Logo Two double and operators that are shaped like the letter M intersect to give the impression of mountains and roads intertwined with each other.

Migrating the blog to a new domain

redirects and custom error pages in Apache
breadcrumbs

During summer vacation, I have been using some of my extra free time to do a little housekeeping on this blog. In the course of researching about various changes I wanted to make around here, I became re-acquainted with the world of indieweb. I had been vaguely aware of the indieweb for a number of years, but never really felt motivated to look into it beyond the core principles for which it is well known: ownership and control of your data and online identity. But going down that rabbit hole a little further exposed me to a lot of interesting concepts, technologies, and design principles that inspired me to upscale my blog housekeeping to a full-on renovation.

The low-hanging fruit in this undertaking was migrating to a new domain that would more suitably represent my identity online. When I started this blog, it was a very scant page with little more than a stagit instance hosting my dotfiles. At this phase, my blog was hosted as a subdirectory (namu.blue/~mieum) in the traditional pubnix fashion. Once I got my PhD and started teaching at university, I decided that I would reinvent the blog to serve as a kind of online portfolio of my work and also as a space for publishing course materials. At this point, the blog graduated to a subdomain (dsm.namu.blue), which I happily used for a couple of years. I liked this address because it was nearly identical to my work email address (dsm@namu.blue). I had opted for a subdomain rather than just using namu.blue because at the time it was a multi-user server hosting a few other people. But after reading more about the indieweb and the way the concept of an online identity is conceived there, I started to weigh the potential benefits of graduating my blog one step further to a root-level domain; but which?

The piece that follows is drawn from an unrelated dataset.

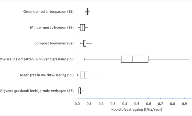 De gemiddelde extra koolstofvastlegging van maatregelen varieerde van 0,025 tot 0,47 ton koolstof per ha per jaar (Figuur 1). Het omzetten van vruchtwisselingen van tijdelijk grasland en bouwland naar blijvend grasland was verreweg de beste maatregel om de koolstofvoorraad in de bodem te verhogen, tot bijna één ton koolstof per ha per jaar. Alle andere maatregelen hadden een relatief laag effect, variërend van 0 tot 0,2 ton koolstof per ha per jaar.

I own another domain, treeblue.space, but I decided to keep that one available for a project I have been incubating for a while. I ultimately decided on giraffleur.org because it is literally representative of my identity being that my name in Korean translates to flower giraffe. I also like it because it is a whimsical, playful take on my name rather than just something like myrealname.com. So here we are.

Redirecting traffic to giraffleur.org

The problem is that, even though this is not a high volume blog with a large readership, its former address (dsm.namu.blue) has been published and archived in various publications of mine. So as long as those publications exist, someone along the way will be led to the old domain. In order to migrate to a new domain gracefully, I needed to redirect all that traffic to my current domain. How does one go about this with Apache (the web server this blog uses)?

There is really nothing to it. In fact, all it takes is adding a line like this to your Virtual Host config:

RedirectMatch 301 ^/(.*) https://newdomain.org/$1

It is important to note several things here. First, this should be in your actual config file, not an .htaccess file in your DocumentRoot. You could put this directive there, but including it in your Virtual Host config has the benefit of loading these instructions into memory when Apache starts; that is, requests are processed faster that way. The second thing to note is that the directive is RedirectMatch not just Redirect. A RedirectMatch directive allows us to capture the paths of pages being requested (^/(.*)) and append them to the new domain to which they will be redirected (/$1). Last, the error code 301 is significant, because it tells the client that the resource has been moved permanently.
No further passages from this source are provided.